Tuesday, February 1, 2011

New Variac

So for along time one of the essential tools I have been missing in my line of work was a variac. A variac is just a coined name for a variable autotransformer. It allows you to control the wall voltage directly. Unlike a rheostat this device simply steps down or up the mains voltage to a desired level. They range in power from 100VA (essentially 100W) to several thousand VA and so much larger industrial ones regulate grid voltage with a motor driven tap changer that can regulate line voltages at thousands of volts and millions of VA.

These things are easy to use! Just plug them into the wall or any source of AC! power, bring the knob down to the 0V position, plug in a load and then flip the switch on. Now by carefully varying the knob from 0 to 100% or even above 100% you control the mains voltage. This is handy for compensation due to voltage drops on long lengths of extension cord or running appliances that need specific voltages. Mostly what they are used for is controlling the voltage while troubleshooting or repairing appliances. That is we keep the voltage low and look for any smoke before powering the appliance at full lines voltage. It ensures you dont blow stuff up right away after fixing if you made a small mistake!

Ok now back to me bragging about my shiny new Variac... : ) I wanted a new one but I decided to look on ebay first for any deals before shopping at my local electrical supply store. Oh look whats this...

Figure 1 - TDGC-3k no-name Variac with compact fluorescent bulb for scale.

I obtained this unit on ebay from user drills12 for 100$ Canadian! and 35$ shipping in 5 days I had it on my door-step! Best deal if there ever was one!

Now I had stared at the unit on ebay for about a week or so and researched the model number because I could not believe a brand new unit rated at 3kVA at this price was even possible. For reasons of frustration in finding any information about this autotransformer I have decided to write down what I have found to help future buyers of the remaining units on ebay or for that mater any other online store selling similar units.

The unit is made in China outsourced by a russian company who's name I cant type in english and by SILICON inc. which I cant seem to find on the web?

The toriodial variable core is rated for 3000VA , 12A RMS, 250VAC and weighs 11.3Kg (11.6 with case around it). Painted red it is sold with a north american - hybrid european/asian plug on its output rather than the original manufacture's bannajack / screw terminal connections. The unit has a built in 0 - 150VAC analog voltmeter on its output so you are limited to running the unit off of 120VAC. It also comes with KIM CHAY 20A 400V circuit breaker/switch combination. The manufacturer shows the unit originally came with a 12A fuse and switch but because the voltage rating went down to 120VAC as its "rated input".

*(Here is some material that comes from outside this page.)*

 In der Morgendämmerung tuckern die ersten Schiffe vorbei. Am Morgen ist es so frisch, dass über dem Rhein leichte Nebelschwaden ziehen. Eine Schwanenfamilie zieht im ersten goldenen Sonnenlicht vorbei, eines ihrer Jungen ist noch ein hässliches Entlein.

Since the core rating was originally 250V at 12A which is 3000VA im guessing when they derated it to run off north american 120V they had to increase the maximum allowable current to compensate? Since now 120V at 20A, really its a 2400VA variac.. (I^2 R losses are higher for the Rw of the autotransformer!) But given its original rating still stands true, it should work off of 240VAC. However to make it run off of 240VAC safely the 0 - 150V voltmeter must be removed and the breaker replaced with a 12A breaker. Not to mention a replacement power cord for the required outlet type and a new dial indicator for 0-280VAC (original dial is 0-140VAC).

But I am not complaining this is a well made unit. It appears to have once been sold at 3,800$ USD but that was the original, not the knock off version made in china. Considering it cost only a fraction of that and seems to be equal quality! The wiper and brush on the core looks well made and so does the core itself, very neat well contrusted. It feels heavy and sturdy - the handles are secure! The only thing that feels cheap on this thing is the giant control knob. But seriously its a giant knob theres not much you can fuss over when things get huge and become mass produced.

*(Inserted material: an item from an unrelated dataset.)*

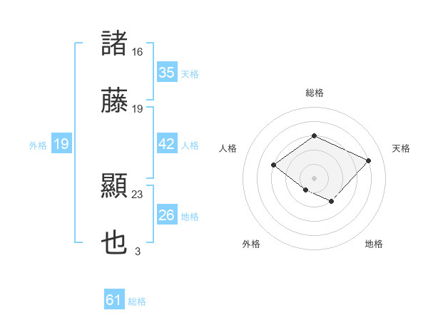 諸藤 顯也さんの総格は61画の3点!

I couldn't resist myself, had to use a label maker and put on the power rating and my name on top. Conclusion, you cant go wrong for only 100$ consider that its made with 20$ in copper wire and transformer iron core you could always scrap if you let the smoke out or use it as a paper weight.


  1. Thank you for writing this blog page! I just bought one from "drills12" based on your observations and research. I will use it to power old tube equipment progressively.

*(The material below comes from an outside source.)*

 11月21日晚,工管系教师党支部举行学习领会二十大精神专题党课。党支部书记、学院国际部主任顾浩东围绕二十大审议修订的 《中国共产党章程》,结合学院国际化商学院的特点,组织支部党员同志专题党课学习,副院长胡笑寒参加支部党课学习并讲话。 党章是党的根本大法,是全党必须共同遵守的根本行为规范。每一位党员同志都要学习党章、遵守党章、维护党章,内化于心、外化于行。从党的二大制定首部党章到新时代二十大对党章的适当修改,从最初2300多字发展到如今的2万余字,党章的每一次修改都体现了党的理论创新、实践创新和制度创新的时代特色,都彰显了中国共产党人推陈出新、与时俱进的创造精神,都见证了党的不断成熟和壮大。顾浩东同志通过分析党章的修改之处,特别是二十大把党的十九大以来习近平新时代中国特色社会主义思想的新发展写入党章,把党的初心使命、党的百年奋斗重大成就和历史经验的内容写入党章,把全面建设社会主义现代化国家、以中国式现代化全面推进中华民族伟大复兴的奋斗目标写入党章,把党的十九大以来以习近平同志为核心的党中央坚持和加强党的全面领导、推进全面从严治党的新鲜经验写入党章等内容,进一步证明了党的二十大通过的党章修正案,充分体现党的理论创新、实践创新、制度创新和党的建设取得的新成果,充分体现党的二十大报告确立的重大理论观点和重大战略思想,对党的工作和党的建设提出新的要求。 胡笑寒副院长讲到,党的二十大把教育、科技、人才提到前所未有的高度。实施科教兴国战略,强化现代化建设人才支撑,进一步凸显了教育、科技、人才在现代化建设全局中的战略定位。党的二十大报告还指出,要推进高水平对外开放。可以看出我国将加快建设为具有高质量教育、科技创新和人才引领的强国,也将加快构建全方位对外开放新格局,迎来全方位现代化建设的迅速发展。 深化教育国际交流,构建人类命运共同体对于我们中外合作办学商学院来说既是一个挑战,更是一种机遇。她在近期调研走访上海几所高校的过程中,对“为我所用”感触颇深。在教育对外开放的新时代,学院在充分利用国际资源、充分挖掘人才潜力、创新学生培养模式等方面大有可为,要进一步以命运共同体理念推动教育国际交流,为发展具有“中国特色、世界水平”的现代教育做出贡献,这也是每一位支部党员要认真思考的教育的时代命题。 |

    I printed this page as PDF for future reference.

    1. Oh nice to know this was a useful review to someone. I over estimated the copper wire price for scrapping but included the scrap metal cost of the iron core its more like 20$ in scrap metals. Still after over a year of using it and working it in with some over current on some projects it has turned out to be well worth the price. The only damage I could do to it so far was sinking one of the windings in when I melted the resin around the core after using it at 200% its rating for an hour. It still works fine after some cleaning of the wiper surface.

    2. I'm a little confused, how can you run it at 200% capacity without blowing the breaker?
      Maybe a smaller breaker is required?

  2. Hi, I'm not sure if you're still active on this blog, just a quick question, is the output balanced, thanks.